= Jaime Rodríguez López =

Mexican politician (born 1955)

Jaime Rodríguez López (born 1 January 1955) is a Mexican politician affiliated with the Institutional Revolutionary Party (PRI).

==Life and career==
Jaime Rodríguez López was born in Ziquítaro, in the municipality of Penjamillo, Michoacán, on 1 January 1955. He holds an engineering degree in wood technology from the Universidad Michoacana de San Nicolás de Hidalgo (UMSNH).

From 1984 to 1986 he was the municipal president of Penjamillo and from 1989 to 1991 he served in the Congress of Michoacán. In the 1994 general election, he was elected to the Chamber of Deputies to represent Michoacán's 4th district for the PRI during the 56th Congress, when he served on the standing committees for handcrafts and cooperative development. He resigned his seat on 22 January 1997 to take office as the secretary of agricultural development in the Michoacán state government.
In 2000, he returned to Congress to represent Michoacán's 1st district during the 58th legislative session, when he chaired the standing committee on agriculture and livestock and served on the special livestock committee, the environmental and natural resources committee, and the group of friends of Canada.

In April 2015, he was appointed to serve as the representative of the federal Secretariat of Agriculture, Livestock, Rural Development, Fisheries and Food (SAGARPA) in the state of Michoacán.
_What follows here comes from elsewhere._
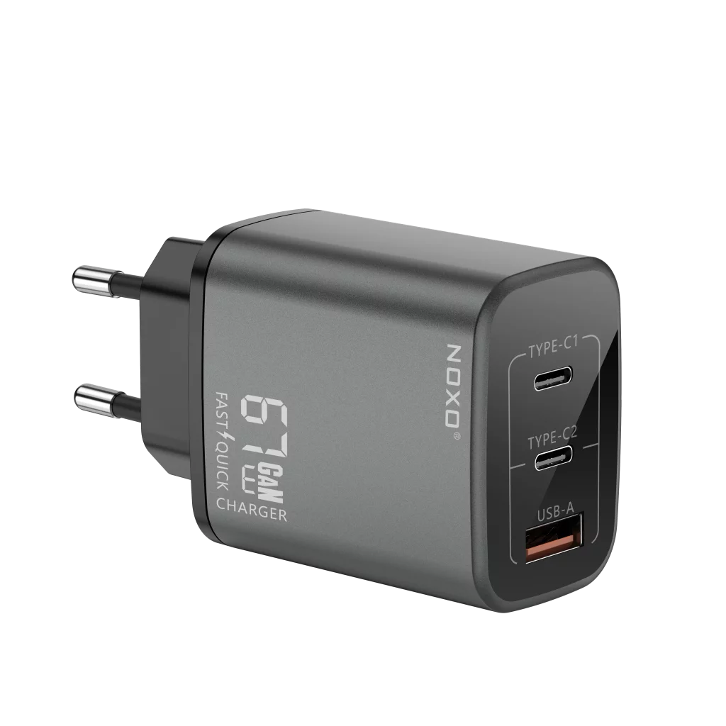 شارژر دیواری ۶۷ وات نوکسو مدل CHN-P-2 با فناوری GaN طراحی شده تا توان بالا را در ابعادی کوچک و سبک ارائه دهد. این شارژر با داشتن سه پورت خروجی (دو پورت Type-C و یک پورت USB-A) به شما امکان میدهد چند دستگاه را بهطور همزمان شارژ کنید بدون اینکه از سرعت یا کیفیت شارژ کاسته شود.

In the months before the 2024 general election, after meeting with Alfonso Martínez Alcázar, the municipal president of Morelia and a member of the National Action Party (PAN), Rodríguez López issued a public statement reaffirming his loyalty to the PRI and explaining that the meeting had to do with the presidential campaign of Xóchitl Gálvez, the candidate of an alliance comprising both parties.